Source data:
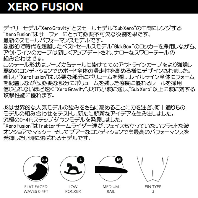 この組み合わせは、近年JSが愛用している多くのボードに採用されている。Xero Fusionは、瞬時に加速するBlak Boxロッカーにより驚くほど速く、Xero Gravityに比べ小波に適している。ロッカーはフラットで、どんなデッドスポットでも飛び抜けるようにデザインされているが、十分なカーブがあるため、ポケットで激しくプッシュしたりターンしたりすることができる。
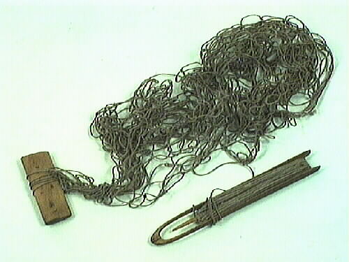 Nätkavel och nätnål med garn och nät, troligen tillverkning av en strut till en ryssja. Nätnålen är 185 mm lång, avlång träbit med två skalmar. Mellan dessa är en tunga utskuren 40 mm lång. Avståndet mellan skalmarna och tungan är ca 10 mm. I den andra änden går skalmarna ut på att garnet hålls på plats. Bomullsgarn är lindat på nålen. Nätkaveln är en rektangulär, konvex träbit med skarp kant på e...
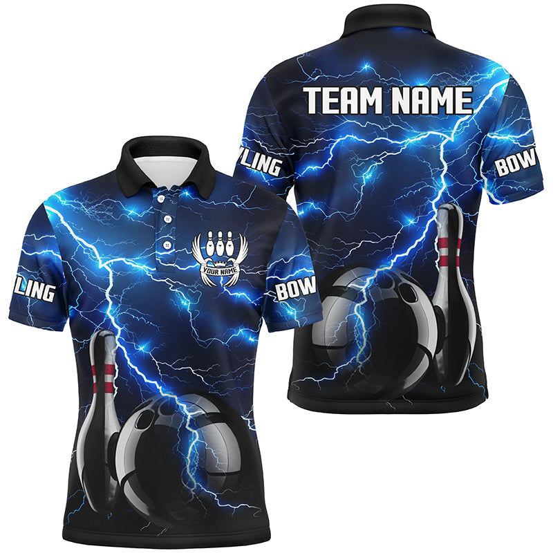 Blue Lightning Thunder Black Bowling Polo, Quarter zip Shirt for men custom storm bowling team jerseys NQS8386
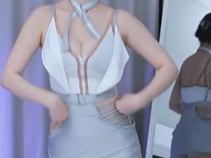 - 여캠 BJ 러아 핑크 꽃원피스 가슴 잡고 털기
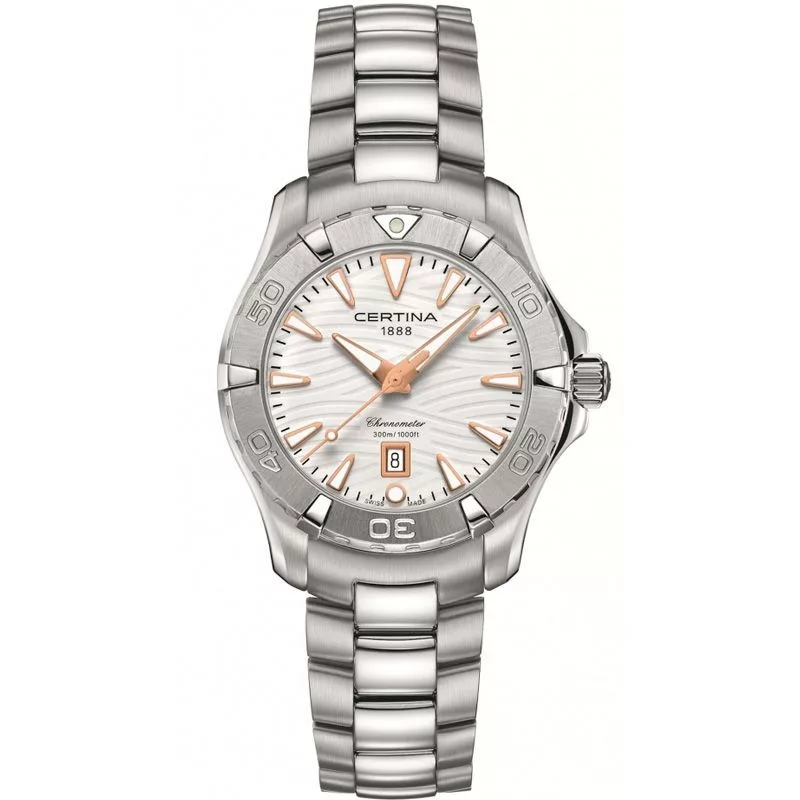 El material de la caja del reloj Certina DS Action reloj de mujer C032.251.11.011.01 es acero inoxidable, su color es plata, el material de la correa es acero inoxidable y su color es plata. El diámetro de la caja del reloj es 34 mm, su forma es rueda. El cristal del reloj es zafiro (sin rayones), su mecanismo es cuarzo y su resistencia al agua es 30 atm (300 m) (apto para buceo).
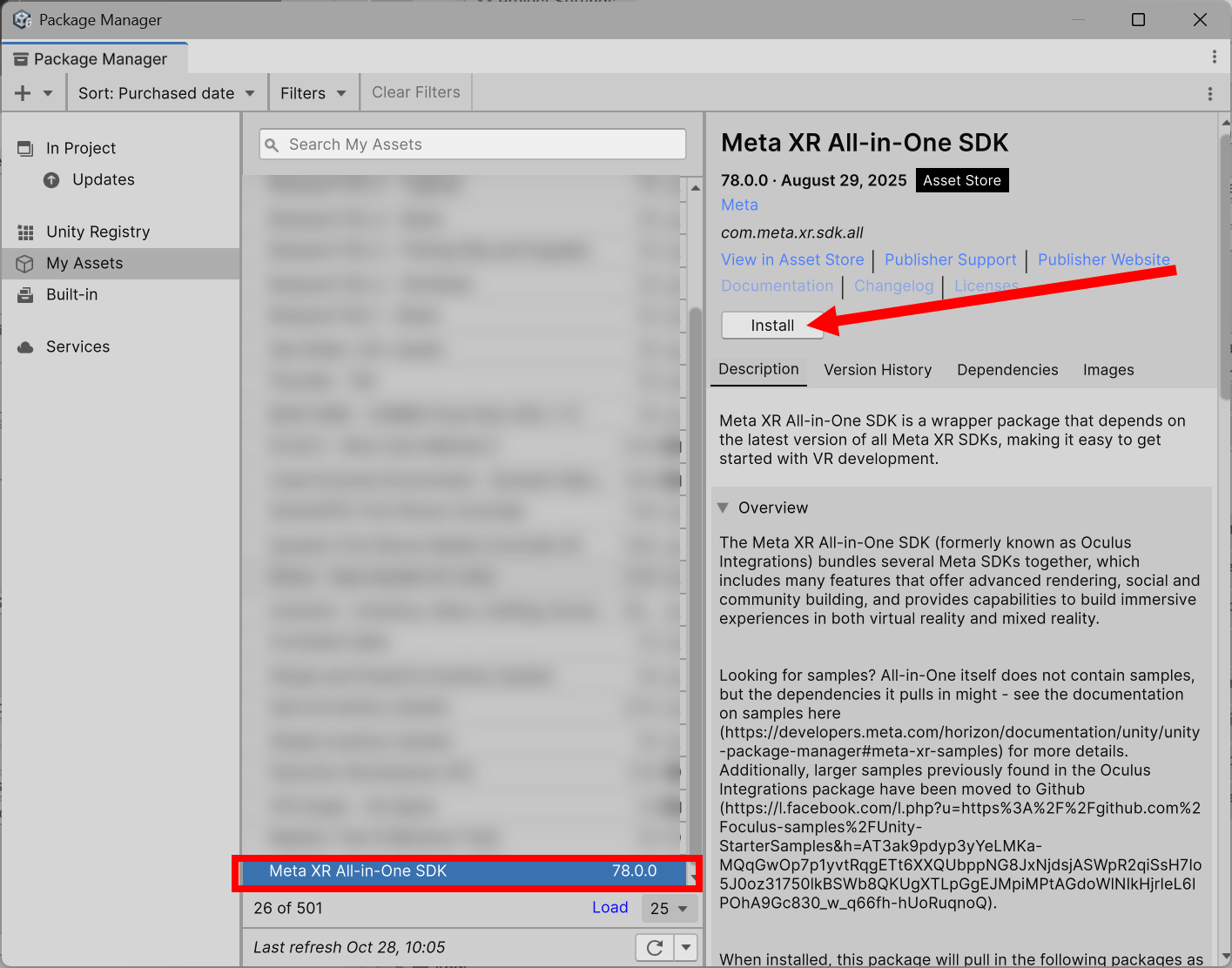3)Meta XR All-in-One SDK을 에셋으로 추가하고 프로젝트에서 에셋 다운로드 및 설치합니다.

● **Exercise directions**
Would you restate the records above word for word and exclude the pictures?

● **Answer to this exercise**
 この組み合わせは、近年JSが愛用している多くのボードに採用されている。Xero Fusionは、瞬時に加速するBlak Boxロッカーにより驚くほど速く、Xero Gravityに比べ小波に適している。ロッカーはフラットで、どんなデッドスポットでも飛び抜けるようにデザインされているが、十分なカーブがあるため、ポケットで激しくプッシュしたりターンしたりすることができる。
 Nätkavel och nätnål med garn och nät, troligen tillverkning av en strut till en ryssja. Nätnålen är 185 mm lång, avlång träbit med två skalmar. Mellan dessa är en tunga utskuren 40 mm lång. Avståndet mellan skalmarna och tungan är ca 10 mm. I den andra änden går skalmarna ut på att garnet hålls på plats. Bomullsgarn är lindat på nålen. Nätkaveln är en rektangulär, konvex träbit med skarp kant på e...
 Blue Lightning Thunder Black Bowling Polo, Quarter zip Shirt for men custom storm bowling team jerseys NQS8386
 - 여캠 BJ 러아 핑크 꽃원피스 가슴 잡고 털기
 El material de la caja del reloj Certina DS Action reloj de mujer C032.251.11.011.01 es acero inoxidable, su color es plata, el material de la correa es acero inoxidable y su color es plata. El diámetro de la caja del reloj es 34 mm, su forma es rueda. El cristal del reloj es zafiro (sin rayones), su mecanismo es cuarzo y su resistencia al agua es 30 atm (300 m) (apto para buceo).
3)Meta XR All-in-One SDK을 에셋으로 추가하고 프로젝트에서 에셋 다운로드 및 설치합니다.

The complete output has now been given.